Frederico, a young cook from Portugal decided to go to Sweden to look for a new job. He asked the employment services in Portugal for the document enabling him to receive his Portuguese unemployment benefits in Sweden for a period of three months and registered with the employment services in Sweden as soon as he arrived. However, he did not find a job within the three months for which the document was valid. He had to decide whether to return to Portugal in order not to lose his rights to unemployment benefits or stay in Sweden without any entitlement to unemployment benefits. He decided to attend a few additional job interviews in Sweden and returned to Portugal after five months. As a consequence, he lost his right to unemployment benefits in Portugal.

Action 1: The Commission will propose a revision of the social security coordination regulation[33] and look into extending the export of unemployment benefits for longer than the mandatory three months, to make it easier for citizens to look for a job in another EU country. The Commission urges Member States to make full use of the current rules in allowing jobseekers to receive their unemployment benefits for up to six months while looking for a job in another Member State[34].

Citizens wishing to improve their skills and competencies abroad

As underlined by the Commission in its employment package 'Towards a job rich recovery'[35] and its Agenda for new skills and jobs[36], investment in education and training systems is fundamental to raising productivity, competitiveness, economic growth and ultimately employment.

Young EU citizens are open to improving their skills and competencies by studying or training in another EU country.[37] Overall, more than one in two young Europeans is willing or keen to work in another EU Member State[38].

Young people's willingness to work in another EU country

Source: 2011 Eurobarometer on Youth on the Move

Currently available data estimates that only 10% of European higher education graduates have studied elsewhere in the EU[39]. Numbers for degree (full-programme) mobility in the EU are even lower. This is partly because of the costs of studying in another EU country. In its proposal for an Erasmus for All programme[40] the Commission has proposed a students’ loan guarantee scheme to enable Master’s level students who wish to complete a full degree programme in another EU country to access bank loans on favourable conditions. According to the Commission's proposal up to 330 000 students should benefit over the seven-year period of the programme. Furthermore, the Commission will continue to foster mobility for young people to study, train or volunteer abroad or to take part in youth exchanges. Teachers and educational staff will also be given the possibility to teach or train abroad. Thanks to the new programme, almost five million citizens should be able to benefit from these opportunities over the 2014-2020 period.

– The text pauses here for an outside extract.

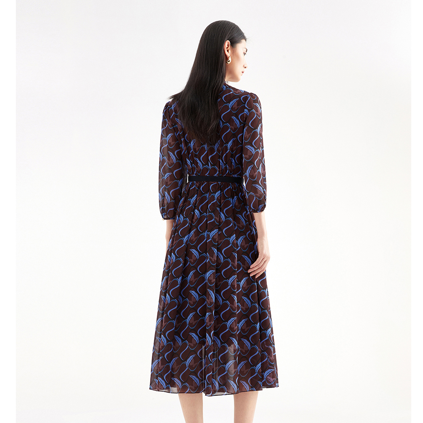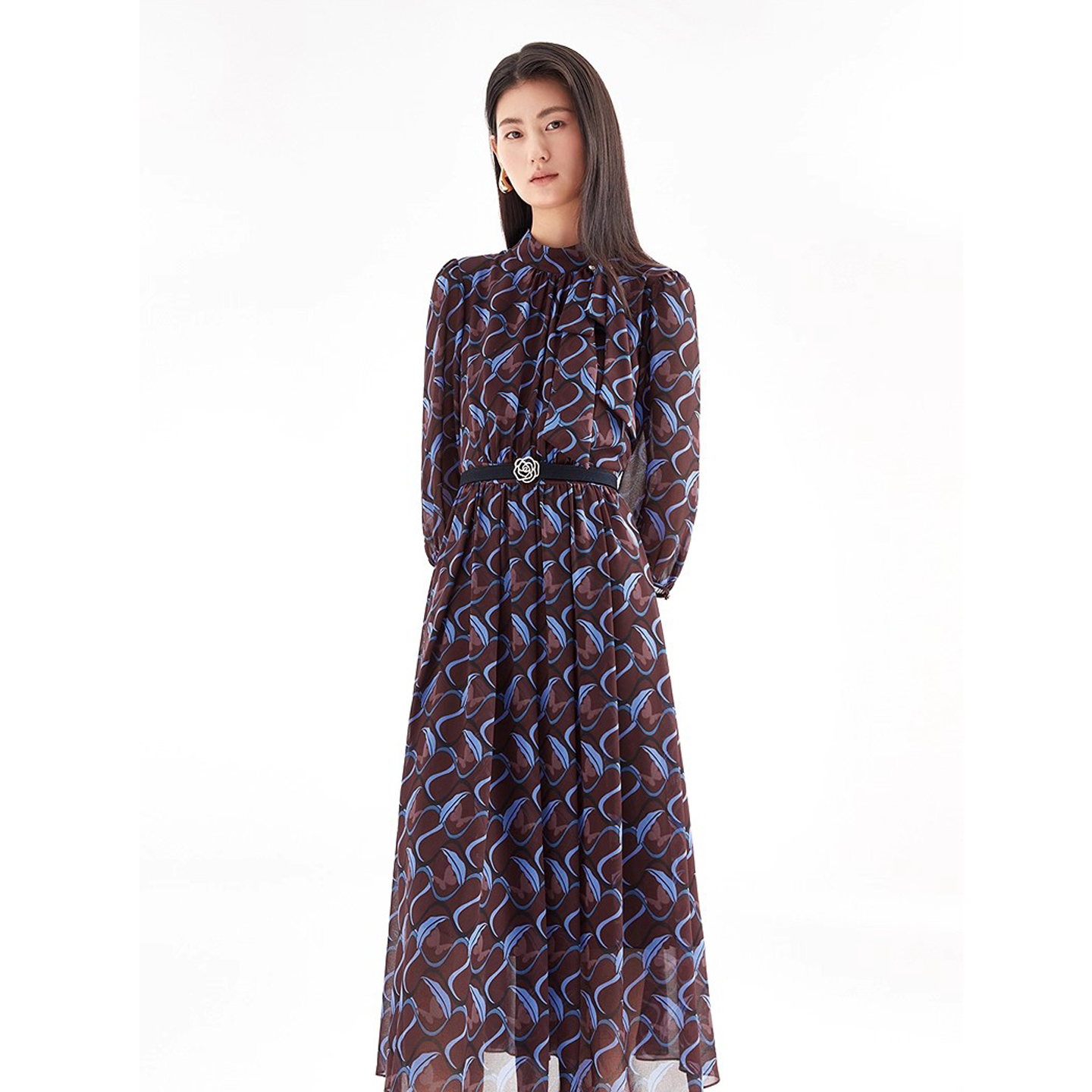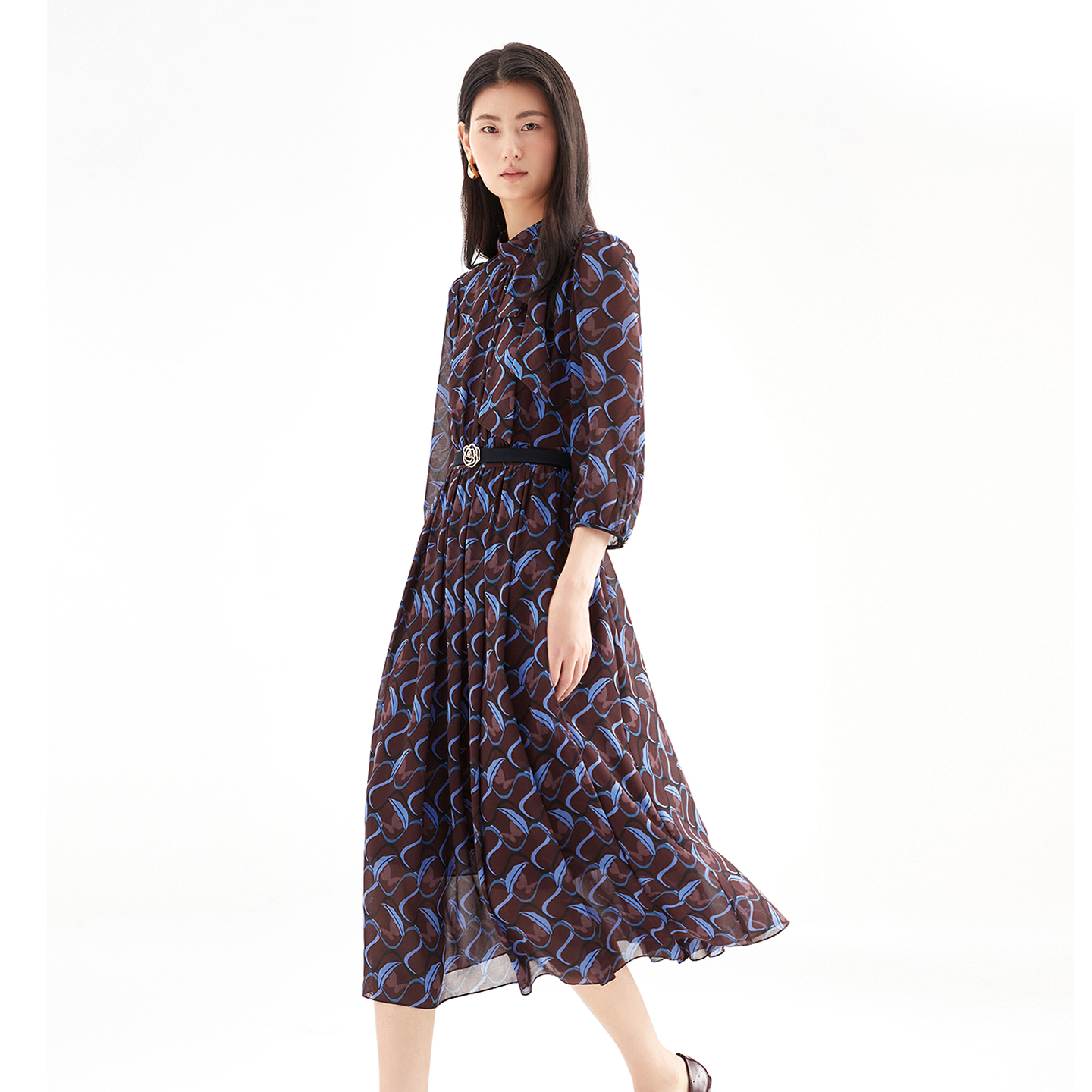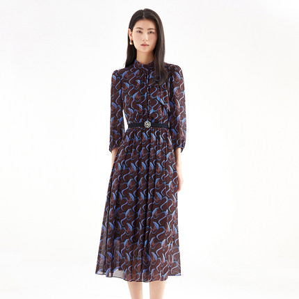 珂莱商场同款2025秋季新款气质修身中长款印花连衣裙女KF12383U8

When considering traineeships in another EU country, young people do not always find relevant information about opportunities that exist and are concerned about the quality and terms of working arrangements. Studies and surveys highlight a number of quality problems relating to traineeships: lack of learning content and insufficient terms and conditions, in particular a low level (or lack) of social protection and compensation/remuneration[41]. Furthermore, a traineeship contract specifying the rights and obligations of the parties is still not compulsory in a number of EU countries (as many as 25% according to a 2011 survey by the European Youth Forum[42]). Low or no pay raises concerns about employers using this as a form of unpaid employment. There is an urgent need to tackle these shortcomings and enhance opportunities for young people to develop their skills and acquire work experience abroad. This is necessary not only to address the concerns voiced by citizens, especially the young, but also to address dramatic levels of youth unemployment.

Nathalie graduated in France and considered starting her professional career in Spain or Germany. Never having lived abroad, she first wanted to do a traineeship but wondered if she would be allowed to do so without being enrolled in an educational programme (in France this is a prerequisite). Also, she did not know what rights she would have as a trainee in those countries and whether she would receive social protection or be entitled to compensation or pay.

In 2013, to make it easier for young people to find quality work experience in another EU country, the Commission will develop a quality framework for traineeships setting out the main features of high quality traineeships in terms of protecting trainees’ rights and helping them make the most of their working experience. It will also review and reform the EURES network to make it more suitable to the real needs of the labour market by enhancing job matching services for the benefit of jobseekers and companies alike. It will in addition launch a pilot initiative with some Member States to improve the EURES information exchange about traineeships and apprenticeships with a view to further facilitating the transition to work for the young people.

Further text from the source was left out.